Послесловие от автора

Эта статья писалась мною после премьеры балета Г. Жубановой на сцене ГАТОБ им. Абая осенью 1990 года. Газиза Ахметовна читала и одобрила статью. Мы собирались напечатать ее во Всесоюзном журнале «Театр». Но СССР вскоре распался, Г. А. Жубанова ушла из жизни, ГАТОБ им. Абая закрыли на реконструкцию и балет «Карагоз» вот уже 25 лет ждет своего возращения на его сцену (хотя новосозданный государственный театр оперы и балета «Астана опера» опередил ГАТОБ им. Абая и в 2014 году явил миру новую постановку в интерпретации хореографа В. Усманова). За эти годы я пришла работать в хореографию. На педагогической стезе познакомилась лично с солистами спектакля «Карагоз», полюбила балетный мир и дальнейшую свою научную деятельность посвятила балетоведению. Меня радует, что мои мечтания о лучших временах для казахстанского балета, высказанных в 1991 году, сбылись. Ныне он достойно занял положенное ему место в мировой хореографии.

Алматы, 2016

 

[1] Вот краткое его содержание. Поэт Сырым и красавица Карагоз полюбили друг друга. Но их союз невозможен, потому что Карагоз с детства просватана на Наршу. Девушка умоляет свою бабушку Моржан не отдавать ее за нелюбимого, но Моржан строго блюдет законы предков. И когда Карагоз бросает им вызов, убегая к Сырыму, то Моржан проклинает ее. Рассудок Карагоз меркнет. Несчастен и любящий ее Нарша, потому что в безумном сознании Карагоз остался только образ Сырыма. И когда влюбленные вновь обретают друг друга, сознание возвращается к Карагоз, но радость встречи недолга: Смерть отнимает Карагоз у Сырыма. В отчаянии он слагает песнь о любимой, ставшую гимном всепобеждающей любви.

[2] Мусоргский М. П. Письма. М., 1981. С. 196-197.

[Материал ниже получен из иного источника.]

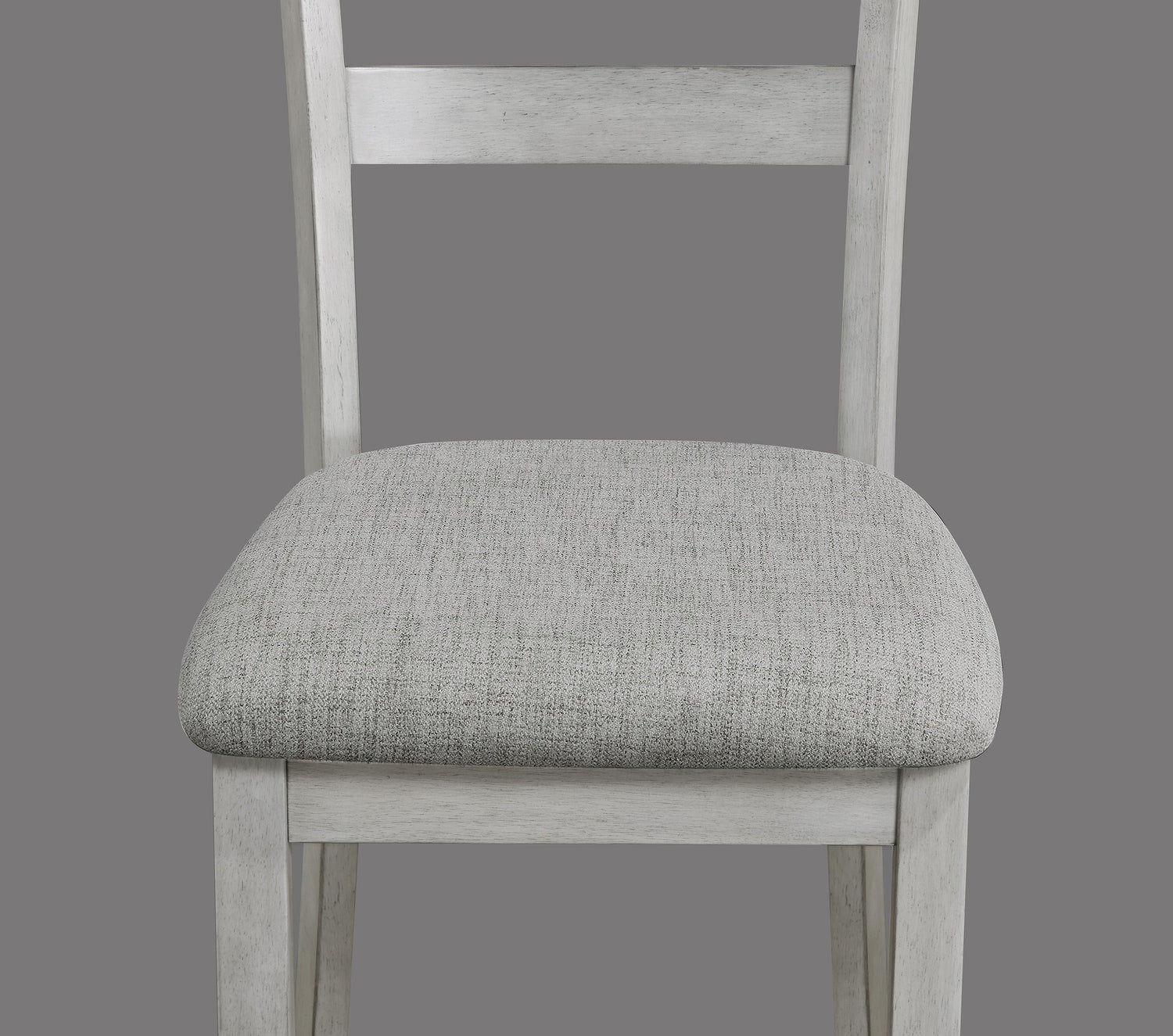 Presenting a fresh take on contemporary comfort. This dining set effortlessly combines a rustic washed finish with modern clean lines, creating a timeless appeal. The tabletop showcases a serene, neutral hue complemented by the gentle curve of the chair backs and soft upholstered seats. Delicate details like the ladder-back design give a nod to traditional craftsmanship while maintaining a current feel.

[3] Кстати сказать, трудолюбие, исключительная добросовестность, профессионализм — качества, присущие всем, кто вышел из класса Ю. А. Шапорина и Жубанова гордится принадлежностью к славной когорте его учеников.

[4] Литературная газета №4, 1990.

[5] Помни о смерти.

[6] Танец Смерти.

[7] Из глубины.

 

В статье использованы фотографии из общедоступных источников, а также из личных архивов М. Кадыровой и М. Тукеева.